Вдруг получаю от него большой пакет при записочке, чтоб я прочел вложенную бумагу и сказал откровенно мое мнение. Это было письмо к французскому министру военных дел. В нем он снова предлагал шары, бомбы и статьи. Я нашел все дурным, от пути, к которому он обращался, до слога, мало сохранившего достоинство, и высказал это.
Энгельсон отвечал дерзкой запиской и начал дуться.
Вслед за тем он мне дал другую рукопись для напечатания. Я не скрыл от него, что действие ее на русских будет прескверное и что я не советую печатать. Энгельсон (581) упрекнул меня в желании завести ценсуру и говорил, что я, вероятно, устроил типографию исключительно для печати моих «бессмертных творений». Я напечатал рукопись, но чутье мое оправдалось, она возбудила в России общее негодование.
Все это показывало, что новый разрыв не далек. Признаюсь, на этот раз я не много об этом жалел. Перемежающаяся лихорадка с пароксизмами дружбы и ненависти, целованья рук и нравственных заушений мне надоели. Энгельсон перешел за черту, за которой не могли даже спасать ни воспоминания, ни благодарность. Я его меньше и меньше любил и хладнокровнее ждал, что будет.
Тут случилось событие, которое своей важностью покрыло на время все споры и раздоры одним чувством радости и ожиданья.
Утром 4 марта я вхожу, по обыкновению, часов в восемь в свой кабинет, развертываю «Теймс», читаю, читаю десять раз и не понимаю, не смею понять грамматический смысл слов, поставленных в заглавие телеграфической новости: «The death of the emperor of Russia».
He помня себя, бросился я с «Теймсом» в. руке в столовую, я искал детей, домашних, чтоб сообщить им великую новость, и со слезами искренней радости на глазах подал им газету… Несколько лет свалилось у меня с плеч долой, я это чувствовал.
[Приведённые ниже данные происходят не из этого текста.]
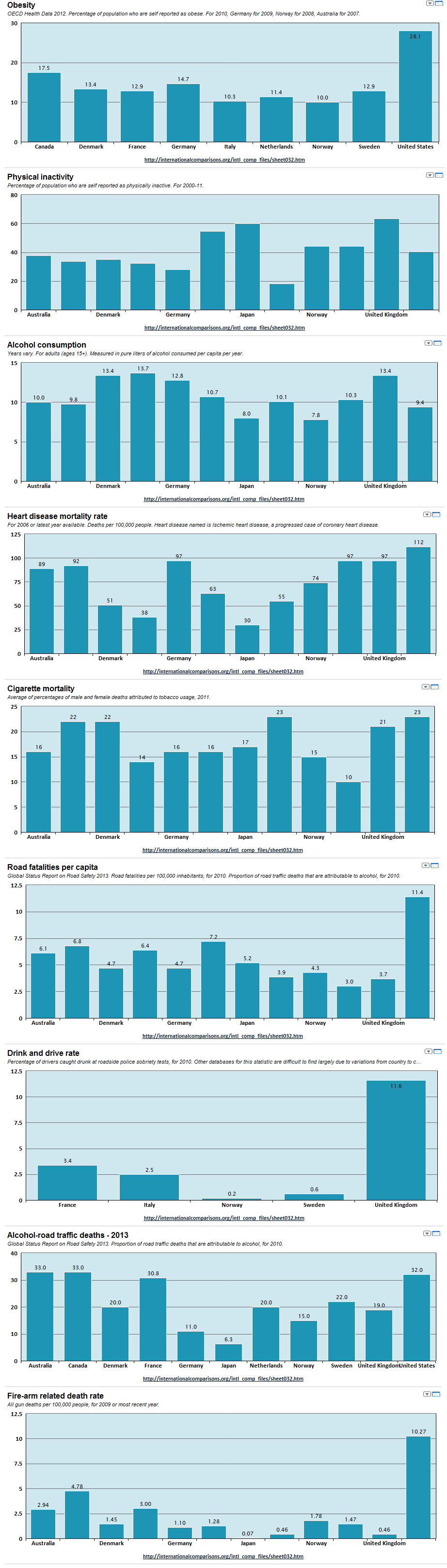 A sedentary lifestyle is revealed to have a greater impact where fewer active transportation alternatives are offered as exhibited in the case of the United States.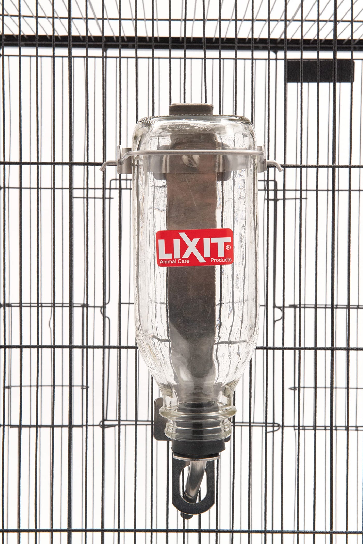 Medium nozzle size: the medium Tube measuring 7/16' Is designed for hook bill birds such as Conjures, African greys, Quakers, Senegal's, and s | Great for many animals: This bottle isn't just for feathery friends. It is also great for other animals such as rabbits, ferrets, guinea pigs, chinchillas, and small dogs | Easy install: This bottle easily attaches to wire cages with mounting hardware, and it's quick to remove for refilling and cleaning | Mess-proof: Lixit glass tube Water bottle keeps water fresh and clean from debris and won't be knocked over like other water dishes | The safe choice: Lixit glass water bottle is made with a stainless steel drinking tube and a non-toxic, USDA Approved rubber stopper

Остаться дома было невозможно. Тогда в Ричмонде жил Энгельсон, я наскоро оделся и хотел идти к нему, но он предупредил меня и был уже в передней, мы бросились друг другу на шею и не могли ничего сказать, кроме слов: «Ну, наконец-то он умер!» Энгельсон, по своему обыкновению, прыгал, перецеловал всех в доме, пел, плясал, и мы еще не успели прийти в себя, как вдруг карета остановилась у моего подъезда и кто-то неистово дернул, колокольчик, трое поляков прискакали из Лондона в Твикнем, не дожидаясь поезда железной дороги, меня поздравить.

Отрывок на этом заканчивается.